▶ **DATA BELOW**
━━━━━━
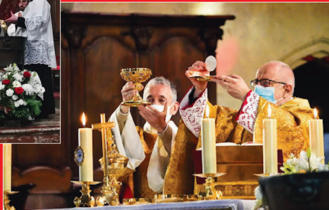
Dimanche de Pâques
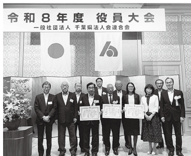
成田法人会の出席者

大会後には懇親会が着座方式にて開催され、受賞された方々へのお祝いや1年ぶりに再会した各法人会の仲間との交流など、和やかな雰囲気にも包まれた。
━━━━━━
With images left out, the data must be transcribed exactly.

Dimanche de Pâques
成田法人会の出席者

大会後には懇親会が着座方式にて開催され、受賞された方々へのお祝いや1年ぶりに再会した各法人会の仲間との交流など、和やかな雰囲気にも包まれた。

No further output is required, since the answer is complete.